One result could well be a dramatic change in the nature of the CFO job. Finance chiefs will likely have to dig much deeper into how their companies disclose their operations, says Meshulam, a former assistant chief litigation counsel with the SEC’s enforcement division. “That’s not a quarterly and annual involvement, with episodic 8-Ks,” she adds, ” but a steady stream — [or] a daily onslaught.”
Finance chief will need reinforcements to cope with the flood of required filings. One solution: Hire a full-time disclosure-controls supervisor or manager with a direct report to the CFO or another top executive, says Kevin Lesinski, a partner with Seyfarth Shaw in Boston. Can a boom in Chief Disclosure Control Officers (CDCOs) be far behind?
2. “Internal Controls” could mean much more than getting the numbers right.
On the face of it, Sarbox seems to refer only to finance when it talks about the need for management to report on and assess internal company controls.
The SEC has made statements suggesting it agrees with such limits. In a proposed rule it published in October, the commission provided an unremarkable definition of financial controls. Essentially, the regulatory agency said such controls are there to ensure that transactions are properly authorized, recorded, and reported, and that assets are safeguarded against improper use.
Nevertheless, the SEC remains vague about defining what “internal controls” will mean under Sarbox 404. Remember, since the findings of the private-sector initiative known as COSO (Committee of Sponsoring Organizations) were issued in 1992, the term has included operations and regulatory compliance, as well as finance.

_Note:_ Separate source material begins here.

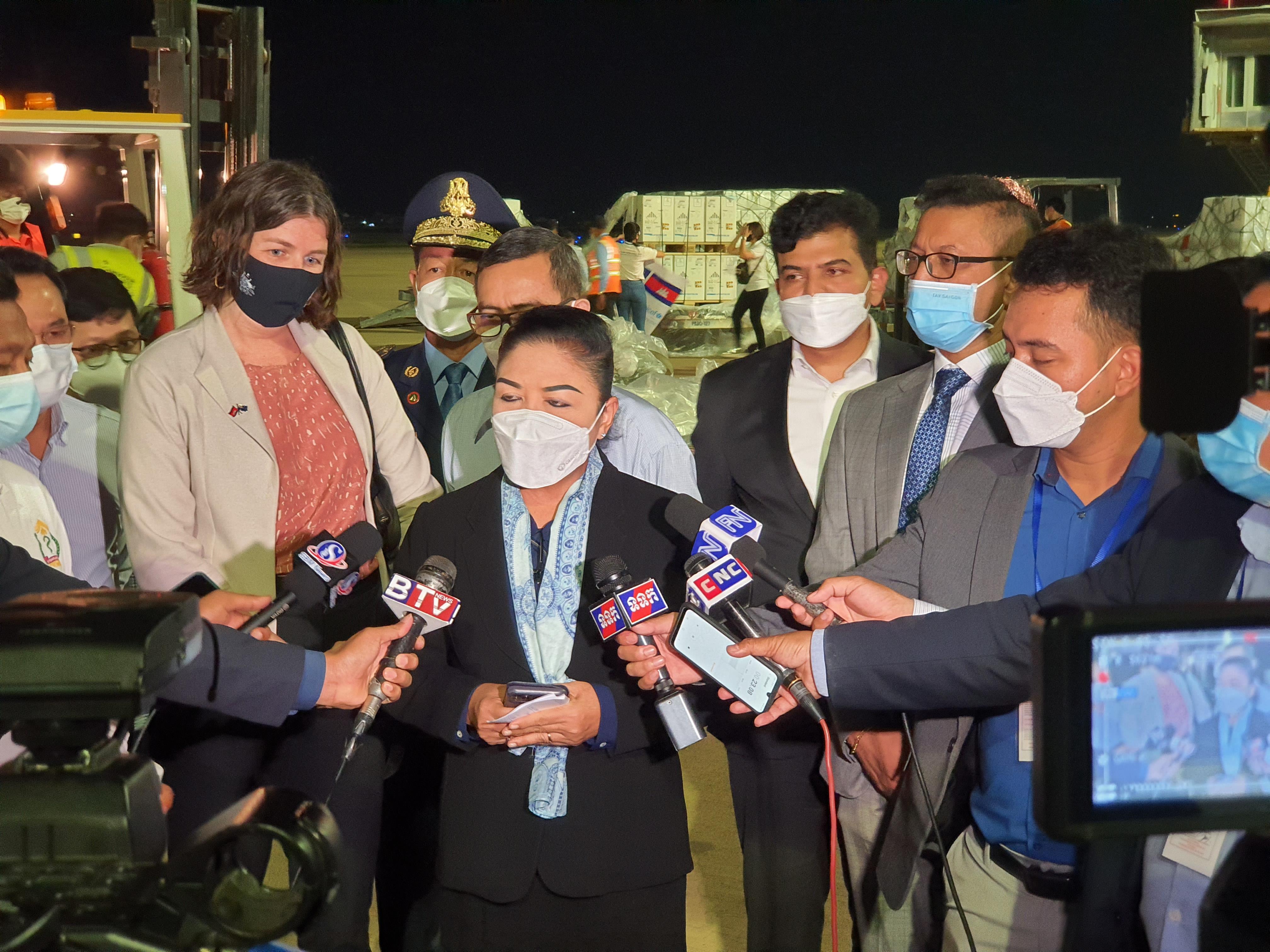 រាជធានីភ្នំពេញ៖ យោងតាមការចុះផ្សាយរបស់ ក្រសួងព័ត៌មាន បានឲ្យដឹងថា កាលពីយប់ថ្ងៃទី២៨ ខែធ្នូ ឆ្នាំ២០២១ លោកជំទាវ យក់ សម្បត្តិ រដ្ឋលេខាធិការក្រសួងសុខាភិបាល បានអញ្ជើញផ្តល់បទសម្ភាសន៍ដល់អ្នកសារព័ត៌មាន ខណ:លោកជំទាវ និងតំណាងស្ថានទូតអូស្ត្រាលី ប្រចាំកម្ពុជា អញ្ជើញទទួលការមកដល់នូវវ៉ាក់សាំងប្រភេទ Pfizer បង្ការជំងឺកូវីដ១៩ ចំនួន ១ ៥៦៧ ៥៣០ ដូសបន្ថែមទៀត ដែលជាជំនួយរបស់រដ្ឋាភិបាល និងប្រជាពលរដ្ឋអូស្ត្រាលី ជើងទី២ ផ្តល់ជូនរាជរដ្ឋាភិបាល និងប្រជាជនកម្ពុជា នៅអាកាសយានដ្ឋានអន្តរជាតិភ្នំពេញ។

A broad definition could have CFOs brooding over regulatory matters that are a far cry from what’s normally considered finance. FirstEnergy, for instance, is currently fighting Environmental Protection Agency charges that one of its plants is in violation of the Clean Air Act. But if the company is found to be out of compliance with the law, it faces heavy fines. Says Richards: “That’s an operating issue that can sure have financial ramifications if we were wrong.”
Further complicating matters is another feature of Sarbox 404: Auditors must attest to and report on management’s assessment of internal controls. “That will lever [compliance] up into something that’s going to cost a lot more time and expense,” says Steve Clark, a partner with Chapman and Cutler, a Chicago-based financial services law firm.
One problem, for sure, is that auditors will have to piece together new procedures to assess client controls programs. That will make it tough for quantitative-minded accountants to gauge performance evaluations and other soft information provided in management reports, Clark thinks.
3. Sarbox doesn’t stop at the shoreline.
Laws governing exports and imports and foreign-based bribes and money laundering don’t seem to have much to do with the domestically focused act.
But the onus that Sarbanes-Oxley puts on audit committees and independent auditors to ferret out wrongdoing is spurring a closer look at global operations, says Sturgis Sobin, a partner and director of the International Trade Regulatory Practice for Miller & Chevalier in Washington.